One of the benefits of this type of normalization is that it facilitates detecting and annotating specific cell populations in one or more mixed population samples. As an example we can create a UMAP of the four samples and visualize some well-known cell-type specific markers.

# create a new assay to store the logged count information
logged_cts <- log1p(GetAssayData(pg_data_combined, assay = "mpxCells", slot = "counts"))
log_assay <- CreateAssay5Object(data = logged_cts)
pg_data_combined[["log_assay"]] <- log_assay

DefaultAssay(pg_data_combined) <- "mpxCells"
pg_data_combined <-
pg_data_combined %>%
FindVariableFeatures(selection.method = "vst", layer = "data") %>%
ScaleData() %>%
RunPCA(npcs = 30) %>%
RunUMAP(dims = 1:10)

# Overlay the UMAP with dsb normalized abundance levels
DefaultAssay(pg_data_combined) <- "mpxCells"
umap_dsb <- FeaturePlot(pg_data_combined, feature = c("CD4", "CD8", "CD19", "CD14"), reduction = "umap", ncol = 1, min.cutoff = 0, coord.fixed = TRUE)

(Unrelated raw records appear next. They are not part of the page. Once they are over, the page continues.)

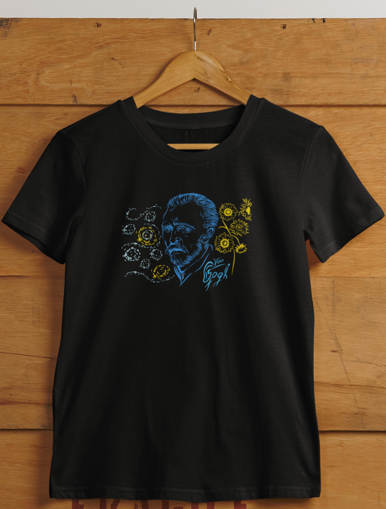 Explora la genialidad de Van Gogh con nuestro "Rostro Artístico Bicolor". 🌌🌻 Este dibujo a dos colores presenta el rostro del artista, donde se puede interpretar obras como la Noche Estrellada. Una prenda que encapsula la riqueza visual del genio artístico en cada detalle. 🎨👕
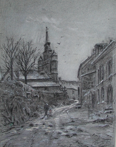 Dessin de Faudacq : la côte qui mène depuis le port au bourg de Lézardrieux, 3ème quart 19ème siècle, avec l'ancien mur, portant la croix (collection particulière)Immatriculation
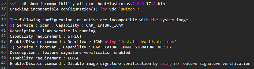 4. show incompatibility-all system bootflash:[image] 실행 시 보여주는 문구는?
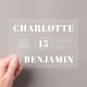 Ces invitations acryliques mariages modernes et audacieuses présentent une typographie blanche propre sur une base acrylique horizontale élégante. Le design contemporain associe le texte gras à une disposition minimaliste, créant ainsi un look sophistiqué et élégant. Parfaites pour les couples qui planifient une fête élégante et unique, ces invitations font une impression durable tout en maintenant un charme intemporel. Idéal pour les mariages formels ou modernes, le design acrylique et horizontal clair offre une présentation distinctive et attrayante.
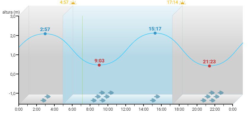 A primeira baixa-mar será às 9:03 e a seguinte baixa-mar às 21:23.
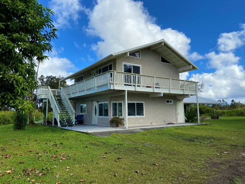 This property is landscaped with numerous fruit trees including banana, orange, pear, macadamia nut, & coffee. Also found are plenty of ornaments, tropical palms and foliage, including yellow-blooming Ohia, red Ohia, Tree Ferns, Koa, and Bamboo. Palm trees line the driveway. There is a peekaboo ocean and mountain view from upstairs deck. This lovely property is located minutes away from hiking in the scenic Volcanoes National Park, and shopping in Keaau.
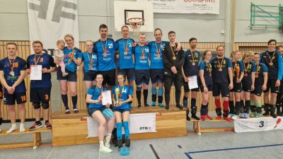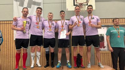 Und da die TSG Blankenloch das zweite Halbfinale gewonnen hat, sollte das Finale auch zu einer Wiederholung von 2023 werden. Im ersten Satz machten die Blankenlocher kaum eigene Fehler und verwandelten die Angriffe mit Präzision. Mit Problemen im Kamener Aufbauspiel und herausragenden Abwehrleistungen der Blankenlocher hieß es am Ende des ersten Satzes 19:25. Im zweiten Satz starteten die Kamener besser und der Satz gestaltete sich als Schlagabtausch. Nachdem man sich kurzzeitig abgesetzt hatte, ließ man die TSG nochmal herankommen, konnte jeodch den Satz schlussendlich mit 26:24 gewinnen. Im Entscheidungssatz zeigten beide Mannschaften, dass sie zu Recht im Finale standen. Zum Seitenwechsel konnte sich der CVJM Kamen zum ersten Mal eine 3-Punkte Führung erspielen und mit den besseren Nerven wurde der Satz am Ende mit 25:19 noch deutlich gewonnen und das Triple perfekt gemacht. Dritter wurde die Mixedmannschaft des Ausrichters TSV Grünwinkel.
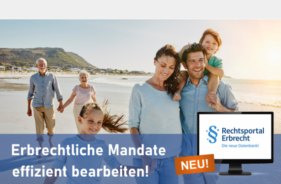 Das neue Online-Portal für Erbrechtler! Alles, was Sie für die Mandatsbearbeitung und die Mandantenpflege benötigen: Fachinformationen, Musterformulare, Tools, Rechtsprechung, News und Mandanteninformationen.

# Overlay the UMAP with log1p transformed values
DefaultAssay(pg_data_combined) <- "log_assay"
umap_log <- FeaturePlot(pg_data_combined, feature = c("CD4", "CD8", "CD19", "CD14"), reduction = "umap", ncol = 1, min.cutoff = 0, coord.fixed = TRUE)

umap_dsb | umap_log

Here, we assess the distribution of abundance of a few cell specific markers: CD4 is positive for T helper cells and monocytes, CD8 for cytotoxic T cells, CD19 for B cells, and CD14 for monocytes. We can see that the protein abundance is restricted to single clusters for the dsb transformed counts on the left, while the log transformed counts on the right show an “ambient” level across most clusters. As you can appreciate from these plots the dsb normalized values present a much clearer distinction between positive and negative populations than the log1p transformed values.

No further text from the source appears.